Corns are indicative of abnormal forces being applied to a specific area of skin. These forces are usually intermittent. As with calluses, it needs to be borne in mind that a corn in itself is not a distinct condition, but a complication. A corn will only present due to an abnormality of structure or function, or due to excessive external forces. It is the cause that first needs to be addressed.

There are different types of corns. They differ in regard to their size and location. The most common type of corn is a hard corn. As their name suggests they are hard to the touch and may feel like a small stone in your shoe while walking. They appear as hard round masses of yellow callus and are generally uncomfortable / painful on direct compression.

Another common type of corn appears between the toes, this is a soft corn. Soft corns do not have a hard central mass to their structure, like that of the hard corn. They tend to have a thin central area surrounded by white macerated skin. Soft corns are usually very sore when opposing toes move against each other.

Incidence / Age
Corns present on the feet of all age groups, but are a rare finding in children. There is an increased prevalence of corns with increasing age.

All corns require treatment. It is always best to seek advice from a State Registered Podiatrist / Chiropodist as soon as you identify a lesion on the skin you suspect as being a corn. The earlier a corn is treated properly the greater the likelihood of full remission.

Self treatment
Self treatment should only involve footwear modification or selection and dressings. It is inadvisable to ever try to remove or reduce a corn by oneself. Never try to cut a corn out as the likelihood of infection is high. Corns that are poorly removed may become more fibrous and difficult to resolve when treated appropriately.

Shoes: As a first line of treatment look closely at your footwear. Identify the area of the shoe that would be in contact with the area of skin presenting a corn. Always choose a shoe that has a restraint such as laces or a strap holding the foot from moving forward. The toe box of the shoe should not touch the tops of the toes. Avoid high heels and look for shoes that have a spongy / shock absorbing quality to the sole.

Corn Plasters and Dressings: Dressings can be used to deflect pressure away from a corn. A classic corn pad will be a circular or oval shape with a central aperture for positioning over the corn. This type of dressing will deflect pressure from the corn but will do little to reduce the size of the lesion. Some corn plasters or pads have a cover to be placed over the corn that contains an acid. This acid is used to reduce the corn. These types of dressings should always be avoided. The extent to which the acid will reduce the skin is variable between individual skin types. In some people one acid may be virtually ineffective whereas in another person the same acid could cause ulceration of the skin. Dressings containing acids are always contraindicated for any person that is diabetic, has a poor circulation, thinned skin or heals slowly for whatever reason. For these individuals acids must not be used other than by the prescription of a health care professional.

Clinical and biomechanical treatments
If you believe that you may have a corn, it is advisable to seek a consultation with a State Registered Podiatrist / Chiropodist. The Podiatrist will make a full assessment and advise you as to treatment lines available. These treatment lines often include a combination of those listed below.

Enucleation: Enucleation is an operative technique that is used to reduce a corn so that it is no longer painful. This procedure is carried out using a sterile disposable scalpel. The procedure is quite painless and the positive effect from enucleation can be felt immediately.

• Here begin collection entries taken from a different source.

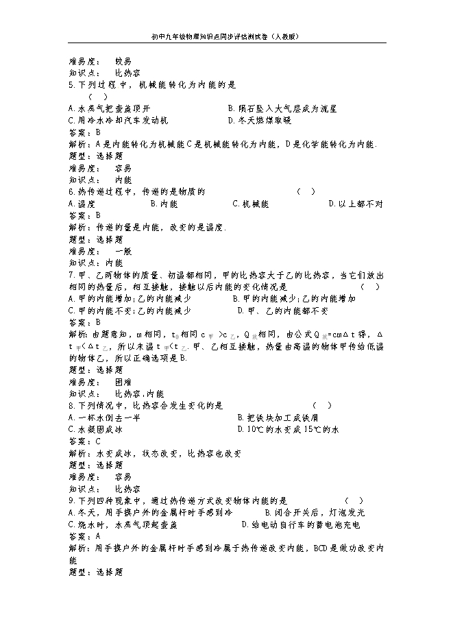 【内容简介】1.有关分子热运动,下列说法正确的是 ( ) A.液体很难被压缩,说明分子间有引力B.用手捏海绵,海绵的体积变小了,说明分子间有间隙 C.有霾天气大量极细微的尘粒悬浮在空中,说明分子在做无规则运动 D.在做墨水滴入水中的扩散实验中,我们看不到墨水的分子在运动答案:D解析:由分子运动理论知:液体很难被压缩,说明分子间存在斥力,A选项错;用手捏海绵,海绵的体积变小了,是力改变物体形状的作用效果,B选项错;有霾天气大量极细微的尘粒悬浮在空中是一种机械运动,C选项错;墨水滴入水中是一种扩散现象,是分子在做无规则运动形成的,分子大小的数量级为10-10 m,直接用肉眼是看不到墨水的分子在运动的,D选项正确.题型:选择题难易度: 容易知识点: 分子热运动2.下列事例中,用做功的方法使物体内能的增加的是 ( ) A.用热水淋浴后全身感到暖和 B.冬天对手“哈气”后感到暖和 C.冬天两手互相摩擦后,手感到暖和 D.冬天在房间内用暖气取暖,全身感到暖和 答案:C解析:其它选项都是用热传递的方式改变物体内能的. 题型:选择题难易度: 容易知识点: 内能
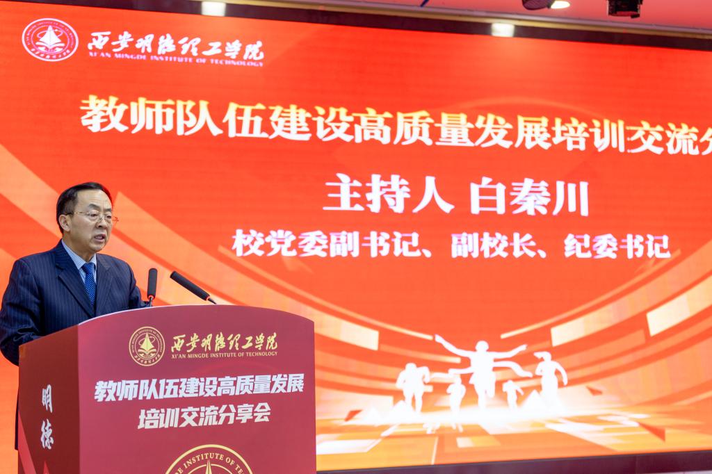 2024年12月27日上午,教师队伍建设高质量发展培训交流分享会在建德楼203报告厅举行。校长王志刚,党委书记马川鑫,集团公司副总裁林东,党委副书记、副校长、纪委书记白秦川,党委副书记、副校长刘星,副校长陈鹏、王斌宁及学校中层干部、教师、辅导员及教学管理人员等300余人参加本次会议。会议由学校党委副书记、副校长、纪委书记白秦川主持。
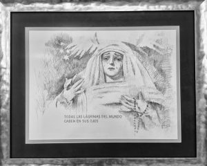 «Pinceladas de grafito sobre papel en blanco», la técnica que ha empleado el artista para reflejar a nuestra titular, bajo el lema : «TODAS LAS LÁGRIMAS DEL MUNDO CABEN EN SUS OJOS». Una singular obra en la que a través de sus trazos se puede observar la delicadeza, el realismo y la emoción que transmite mirar a Ntra. Sra. Mª Stma. de las Lágrimas.
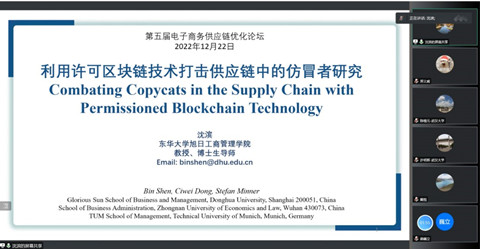 论坛的第二部分由东华大学沈滨教授为大家带来的分享。沈教授的研究聚焦于许可区块链技术(PBT)将为供应链的假冒仿冒现象带来何种新变化。许可区块链技术将比传统的条形码和其他电子标签更难以伪造,为非专家消费者提供了一种高度可信的正品背书。
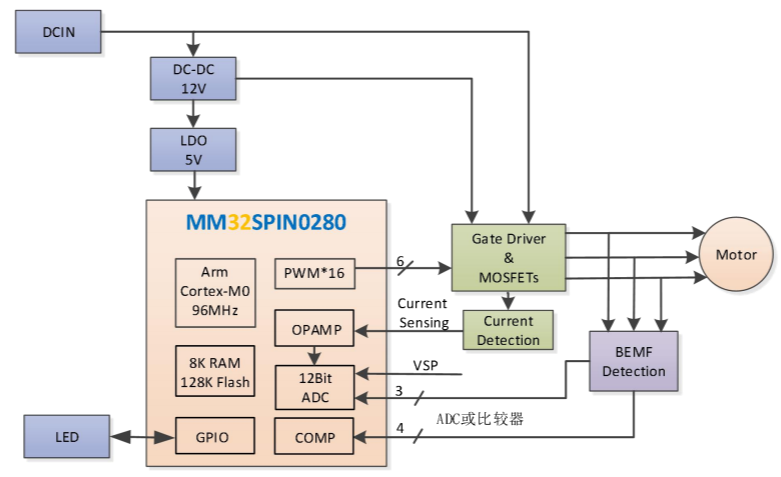 MM32SPIN0280無感方波硬件框圖
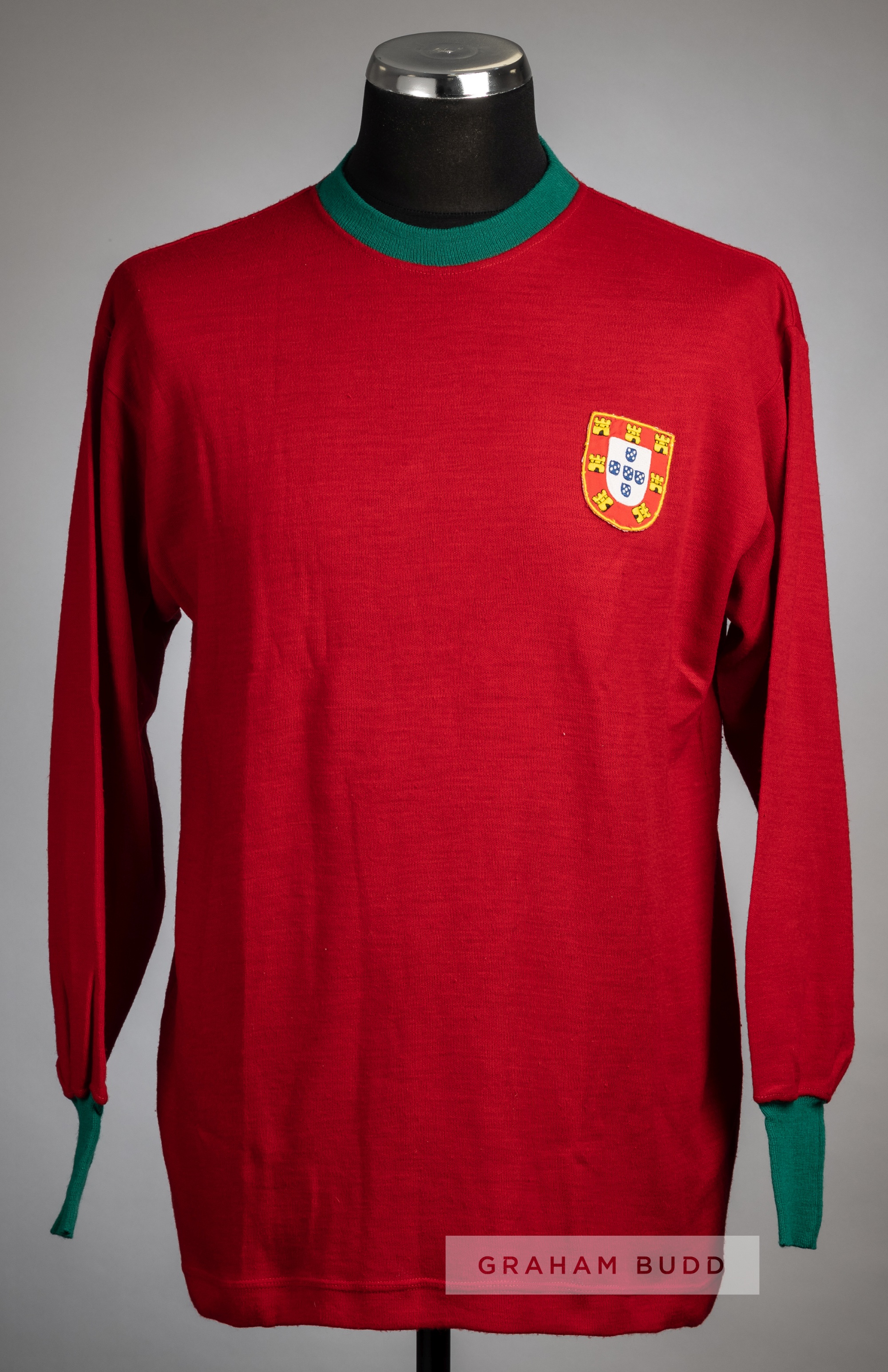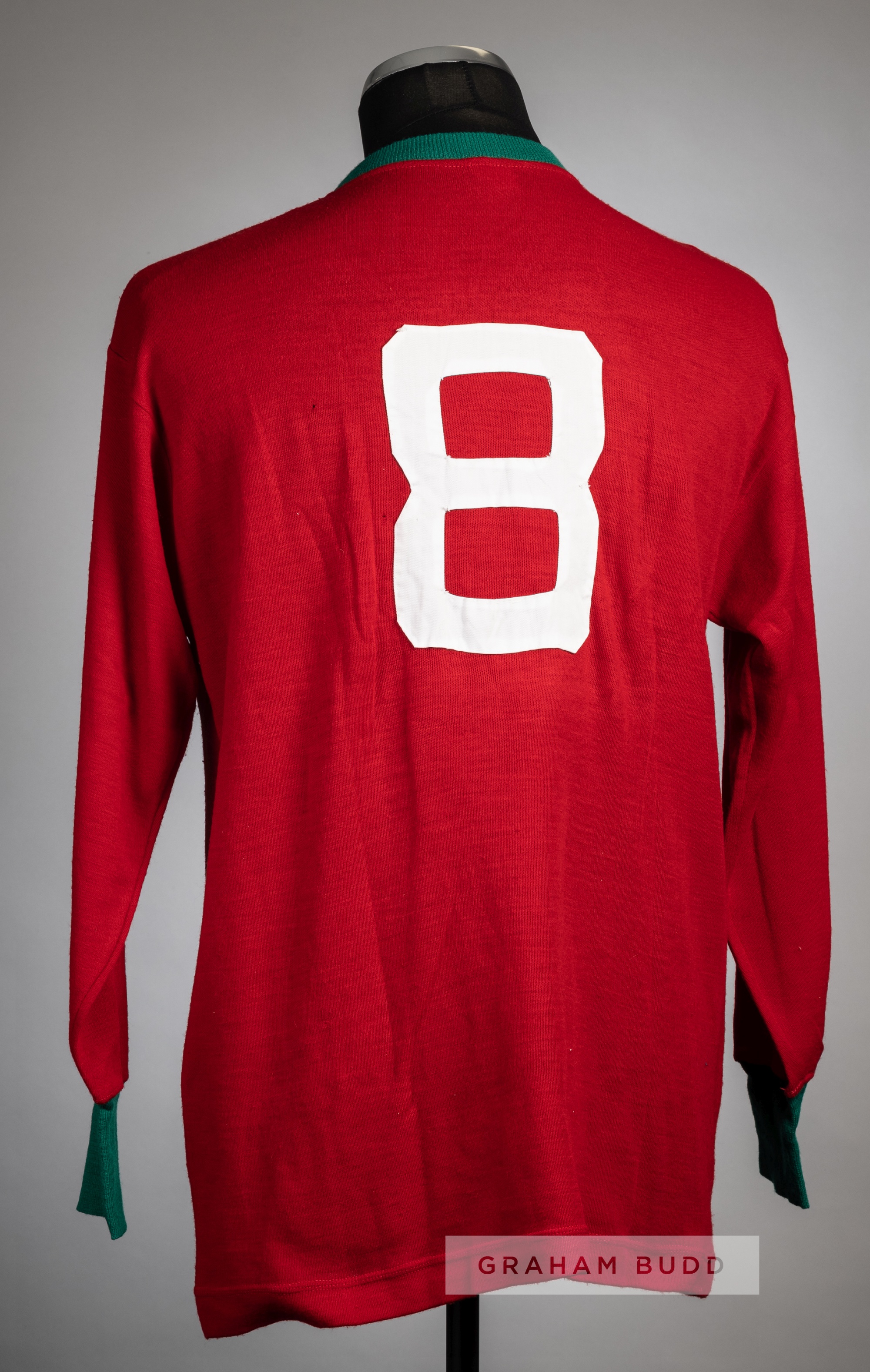 Red Portugal no.8 jersey, circa late 1960s, Marlec, long-sleeved with green collar and cuffs, embroidered country emblem badge, reverse numbered 8

Enucleation is not however a cure. It is usually used as part of a treatment line to alleviate symptoms. The corn will return if the cause has not been fully addressed. It is commonly believed that corns have roots, and that if the root is not removed the corn will re-grow. This is not the case. A corn is a stress reaction by the skin and the corn will return because the stressor has not been addressed. It should be noted that some structural abnormalities that result in the formation of a corn cannot be addressed conservatively, and for this reason some people may require regular enucleation of corns to alleviate symptoms and prevent associated complications.

Acids: Podiatrists will sometimes use acids in the treatment of corns. These acids are chosen and applied carefully, to achieve a particular therapeutic effect.

Electro surgery: Some podiatrists employ electro surgical equipment in the treatment of corns. A high frequency current is used to destroy the corn and some surrounding tissue. For certain types of corns this treatment may be more effective that enucleation. The procedure is carried out under a local anaesthetic. Dressings / Padding / Digital Devices: Podiatrists often use different types of devises to redistribute stress away from a corn or area prone to the development of such a lesion. These devices may be made from a large variety of materials and differ significantly in design, depending upon their application.

Biomechanics: Corns are as stated previously a stress reaction. The cause of this stress, when not purely footwear related, is either structural and / or functional. Once the stressor has been identified the Podiatrist may manufacture an insole / orthotic to accommodate or compensate for the abnormality. Such orthotics are usually easily accommodated in foot wear and are generally found to be comfortable. Orthotics may not always cure the presenting corn but will help reduce discomfort or pain experienced, and increase the duration between visits to the Podiatrist.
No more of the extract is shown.